The document before the fat man was signed by Alexei’s wife, who was officially the owner of the office building where all of Alexei’s businesses rented space.

Behind Alexei, the line waiting for permission to open a new business was long. Everyone waited patiently. They had waited patiently all their lives, and most of them fully expected that their requests to open businesses would be rejected and that they would be sent to some other office to have their documents “corrected.”

“Temporary registration also in order,” said the fat man, looking at the card before him.

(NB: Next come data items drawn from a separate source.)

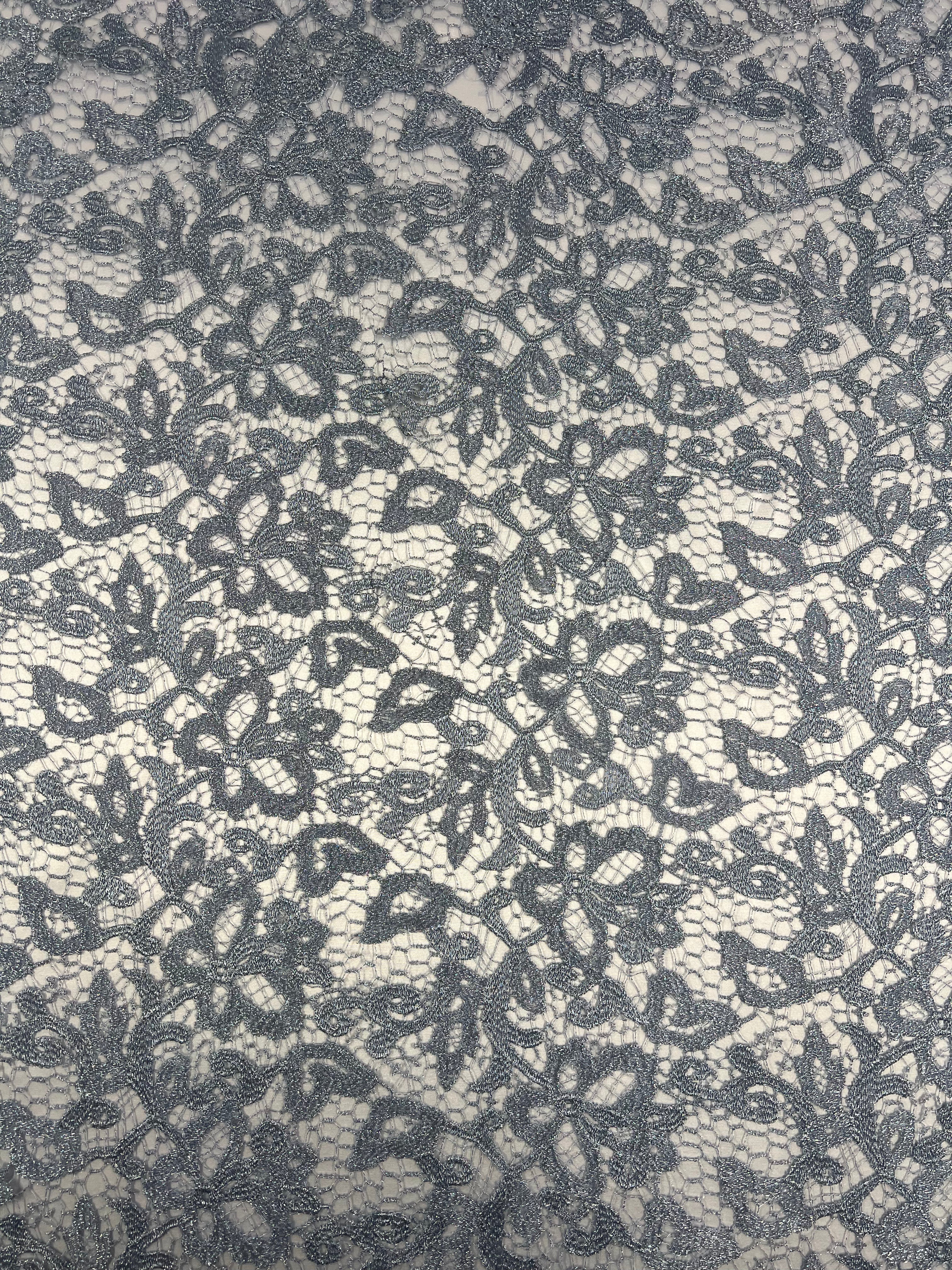 A close-up of Super Cheap Fabrics' Evening Lace - Metallic Blue - 120cm sheer polyester fabric with an intricate lace pattern. The lace features an ornate floral design with leaves and vines woven together, creating an elegant and delicate appearance. The background appears to be a light, neutral color, enhancing the lace details.
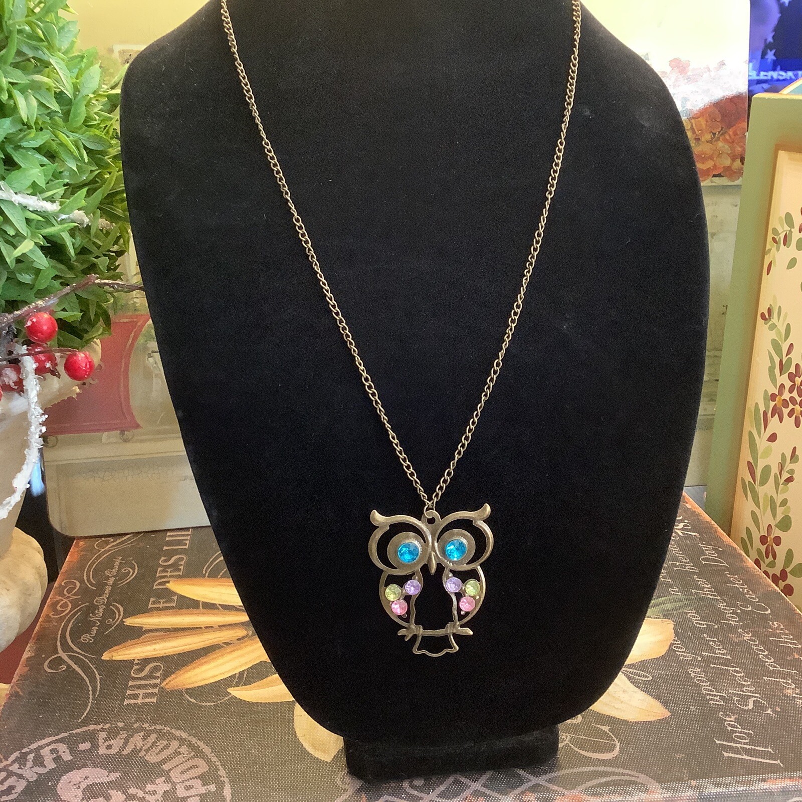 Metal Owl Necklace 23 L Colorful Jewels/Brushed Goldtone Finish Brand NEW
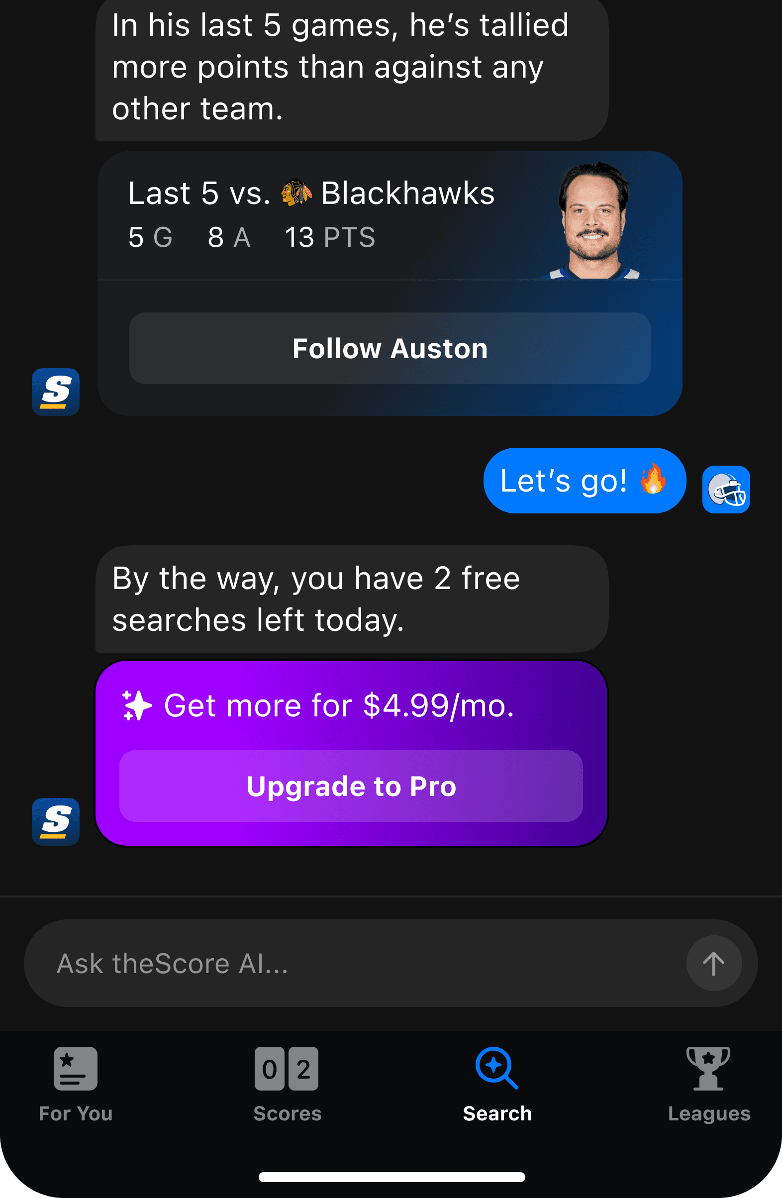 A concept exploring how theScore could harness its data and LLM’s to power a conversational UI that delivers insights and content, helping users make smarter betting and fantasy decisions.
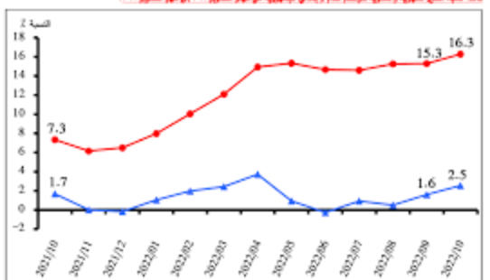 كما زادت أسعار مجموعة السجائر والمشروبات الكحولية بنسبة 87 %، والملابس والأحذية بنسبة ارتفاع بلغت 26.1 %، والسكن والمياه والوقود والكهرباء والغاز بنسبة 11.2 %.
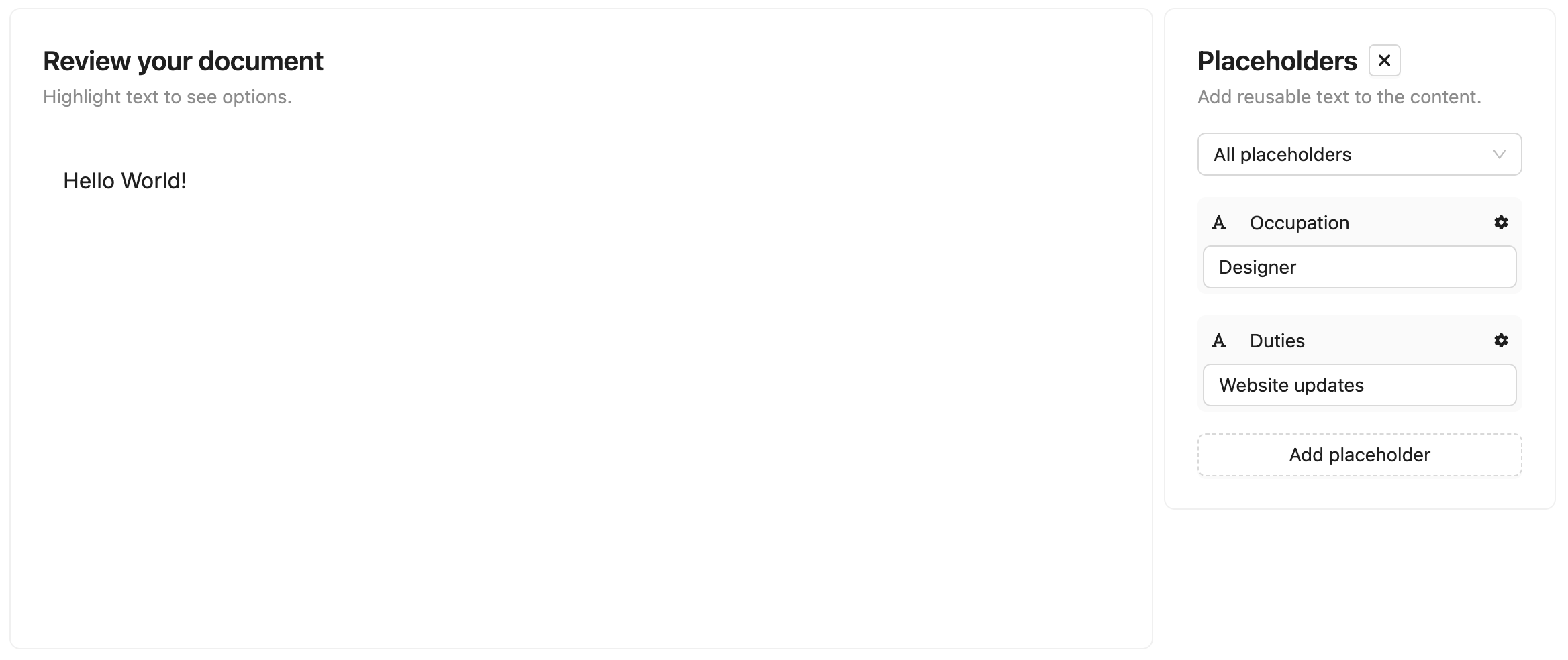 - If a user uploads a Word/PDF file or creates a document from scratch, the placeholders will remain untouched.
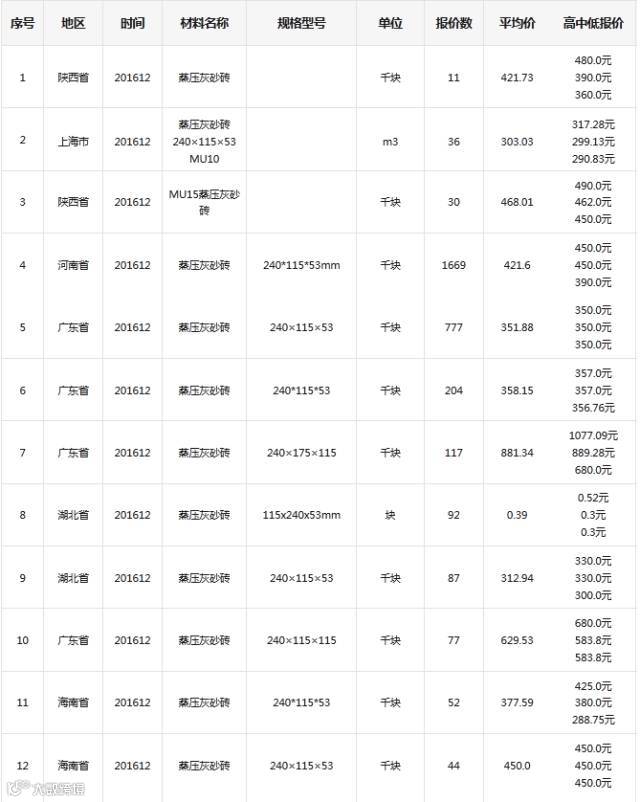 5)广材网大数据分析参考价范围:0.31~0.44(元/块,含税)
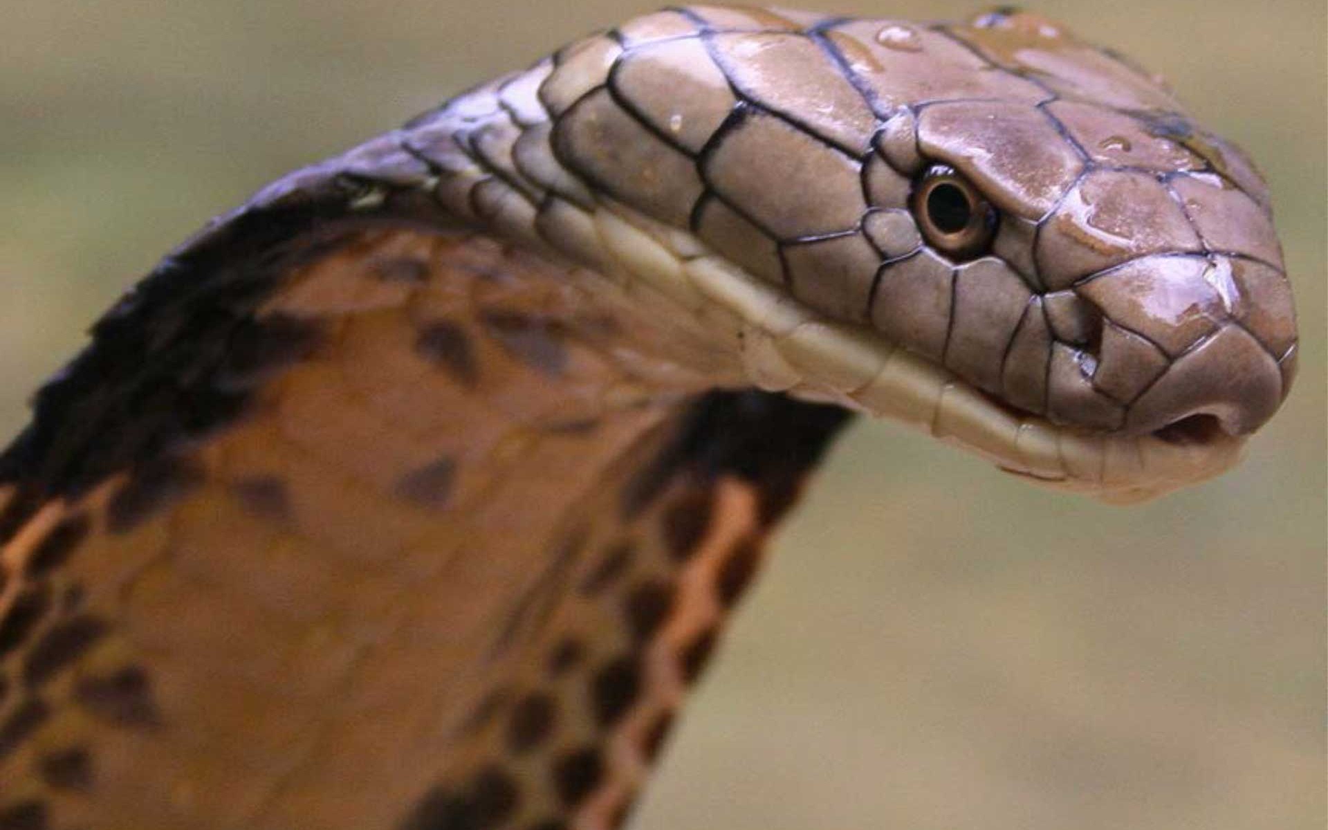 Description: A close up of a snake's head with a blurry background of grass and dirt in the background.

It had cost Alexei five hundred thousand rubles to the lawyer appointed by the Registration Chamber to be sure the registration forms were in order so that he could be issued the card.

“Official police stamp,” the man said. “Code number assigned by State Statistics Committee. The stamp is a bit underinked.”

Alexei let out a small sigh.

“And your company stamp looks a bit too much like that of several others who have applied in the last month,” the fat man said, shaking his head at the incompetence of those who did such things. “Signature card in order and notarized,” he went on. “Three names. Partners?”

“Yes,” Alexei said.

The fat man went to the next document.

“Bank account for the business seems to be fine.” The fat man looked directly at Alexei for the first time.

“We are fortunate enough to have raised sufficient money for this venture,” Alexei said softly.

“Good, good, good,” said the fat man. “Let’s see if we can move this along. Pension-fund papers are signed and stamped, and you have the form from the Tax Inspectorate.”

The man flipped through the documents, once more shaking his head.

“I would like to issue you a permanent registration certificate,” the man said, “but there are some minor discrepancies, words crossed out, stamps too faint. I would like to …” He shrugged his shoulders to show that he would like to help.

“I have one more document that might help,” Alexei said, handing the fat man a small brown envelope.

The man opened the envelope and looked in, careful to keep anyone waiting in line or the registrar at the next desk from seeing. There were five one-hundred-dollar bills. The fat man slipped the envelope into the drawer of his desk and stamped the final certificate that would permit Alexei Porvinovich to open his new business. Alexei accepted the document, shook the man’s flabby hand, and put all of his papers back in his briefcase.

Alexei relinquished the folding chair to the thin, nervous man who was next in line, the one to whom Alexei had given the book.

Success. It had taken only three weeks of waiting and bribing to get the document. He had two more envelopes in his briefcase, each with five hundred dollars. He had been prepared to give them all to the fat registrar. The man had sold his approval well below the going rate.

Swinging his briefcase, Alexei left the bureau building. Outside, he looked at the sky. It was early October. The first night frosts had already come, and soon the first snow would follow. Within a month the Moscow River would freeze and the city would be covered in snow. Good.

It was early, just before two in the afternoon, and Alexei decided to stop at the Grand Hotel for a drink and perhaps a sandwich before he went to his office.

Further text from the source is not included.